Segment Open

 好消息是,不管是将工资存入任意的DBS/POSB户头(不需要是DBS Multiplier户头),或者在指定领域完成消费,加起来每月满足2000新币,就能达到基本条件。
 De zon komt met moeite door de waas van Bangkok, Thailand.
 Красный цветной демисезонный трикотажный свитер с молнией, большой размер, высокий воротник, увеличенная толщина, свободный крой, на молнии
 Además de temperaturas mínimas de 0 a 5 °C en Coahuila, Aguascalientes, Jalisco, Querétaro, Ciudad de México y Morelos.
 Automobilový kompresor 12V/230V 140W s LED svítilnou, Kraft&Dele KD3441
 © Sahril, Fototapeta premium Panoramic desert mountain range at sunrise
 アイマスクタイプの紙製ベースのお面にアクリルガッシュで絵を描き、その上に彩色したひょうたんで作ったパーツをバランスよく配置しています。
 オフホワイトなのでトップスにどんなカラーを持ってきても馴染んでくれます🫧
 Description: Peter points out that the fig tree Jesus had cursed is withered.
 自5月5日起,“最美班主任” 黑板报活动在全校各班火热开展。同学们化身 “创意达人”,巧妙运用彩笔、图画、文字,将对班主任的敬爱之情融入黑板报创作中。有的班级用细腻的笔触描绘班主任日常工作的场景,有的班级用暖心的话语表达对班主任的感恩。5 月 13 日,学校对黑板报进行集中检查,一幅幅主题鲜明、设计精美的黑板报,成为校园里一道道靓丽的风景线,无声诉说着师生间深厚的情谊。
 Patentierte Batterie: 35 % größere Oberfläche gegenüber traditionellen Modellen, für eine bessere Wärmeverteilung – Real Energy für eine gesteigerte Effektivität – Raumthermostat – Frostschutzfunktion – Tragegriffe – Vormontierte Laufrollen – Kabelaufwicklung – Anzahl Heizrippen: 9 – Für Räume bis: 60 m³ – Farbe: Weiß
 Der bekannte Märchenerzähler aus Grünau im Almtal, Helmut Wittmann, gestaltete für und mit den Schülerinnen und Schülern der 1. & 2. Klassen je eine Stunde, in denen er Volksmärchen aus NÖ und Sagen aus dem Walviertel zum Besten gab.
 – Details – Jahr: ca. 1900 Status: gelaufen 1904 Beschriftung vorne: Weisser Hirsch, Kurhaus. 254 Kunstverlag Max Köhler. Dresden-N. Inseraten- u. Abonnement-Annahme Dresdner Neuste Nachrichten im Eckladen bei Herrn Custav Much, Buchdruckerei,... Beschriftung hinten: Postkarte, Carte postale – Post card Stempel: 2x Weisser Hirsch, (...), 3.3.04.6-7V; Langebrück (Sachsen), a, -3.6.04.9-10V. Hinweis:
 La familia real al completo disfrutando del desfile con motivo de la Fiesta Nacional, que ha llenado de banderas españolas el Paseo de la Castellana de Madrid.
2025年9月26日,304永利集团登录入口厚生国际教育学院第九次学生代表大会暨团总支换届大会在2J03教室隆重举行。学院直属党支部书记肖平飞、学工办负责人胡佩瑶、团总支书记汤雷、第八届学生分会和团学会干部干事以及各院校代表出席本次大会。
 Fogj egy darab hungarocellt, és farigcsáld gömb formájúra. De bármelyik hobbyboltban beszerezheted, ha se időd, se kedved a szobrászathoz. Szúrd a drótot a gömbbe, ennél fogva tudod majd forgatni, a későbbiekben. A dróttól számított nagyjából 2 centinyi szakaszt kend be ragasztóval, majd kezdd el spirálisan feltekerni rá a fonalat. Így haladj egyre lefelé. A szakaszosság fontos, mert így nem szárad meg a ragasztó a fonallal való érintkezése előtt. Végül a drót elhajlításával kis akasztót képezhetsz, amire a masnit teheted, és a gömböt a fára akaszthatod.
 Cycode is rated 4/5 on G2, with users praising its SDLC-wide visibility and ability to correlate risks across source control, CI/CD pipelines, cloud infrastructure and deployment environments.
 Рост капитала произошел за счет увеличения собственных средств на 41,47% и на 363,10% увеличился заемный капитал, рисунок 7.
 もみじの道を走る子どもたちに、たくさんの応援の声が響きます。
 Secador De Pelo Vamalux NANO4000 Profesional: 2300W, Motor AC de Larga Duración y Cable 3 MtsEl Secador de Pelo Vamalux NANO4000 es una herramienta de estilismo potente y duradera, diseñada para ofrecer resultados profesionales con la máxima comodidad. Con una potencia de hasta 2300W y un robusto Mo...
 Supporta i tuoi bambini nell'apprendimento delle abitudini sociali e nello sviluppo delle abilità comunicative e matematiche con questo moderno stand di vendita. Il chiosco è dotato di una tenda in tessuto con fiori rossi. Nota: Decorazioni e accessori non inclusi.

Segment Closed

§ WHAT YOU WILL DO: Only the lines above from the line containing "アイマスクタイプの紙製ベース" through the line containing "Der bekannte Märchenerzähler" should be retyped, exactly and with both ends included.

§ OUTPUT OF THE TASK:
 アイマスクタイプの紙製ベースのお面にアクリルガッシュで絵を描き、その上に彩色したひょうたんで作ったパーツをバランスよく配置しています。
 オフホワイトなのでトップスにどんなカラーを持ってきても馴染んでくれます🫧
 Description: Peter points out that the fig tree Jesus had cursed is withered.
 自5月5日起,“最美班主任” 黑板报活动在全校各班火热开展。同学们化身 “创意达人”,巧妙运用彩笔、图画、文字,将对班主任的敬爱之情融入黑板报创作中。有的班级用细腻的笔触描绘班主任日常工作的场景,有的班级用暖心的话语表达对班主任的感恩。5 月 13 日,学校对黑板报进行集中检查,一幅幅主题鲜明、设计精美的黑板报,成为校园里一道道靓丽的风景线,无声诉说着师生间深厚的情谊。
 Patentierte Batterie: 35 % größere Oberfläche gegenüber traditionellen Modellen, für eine bessere Wärmeverteilung – Real Energy für eine gesteigerte Effektivität – Raumthermostat – Frostschutzfunktion – Tragegriffe – Vormontierte Laufrollen – Kabelaufwicklung – Anzahl Heizrippen: 9 – Für Räume bis: 60 m³ – Farbe: Weiß
 Der bekannte Märchenerzähler aus Grünau im Almtal, Helmut Wittmann, gestaltete für und mit den Schülerinnen und Schülern der 1. & 2. Klassen je eine Stunde, in denen er Volksmärchen aus NÖ und Sagen aus dem Walviertel zum Besten gab.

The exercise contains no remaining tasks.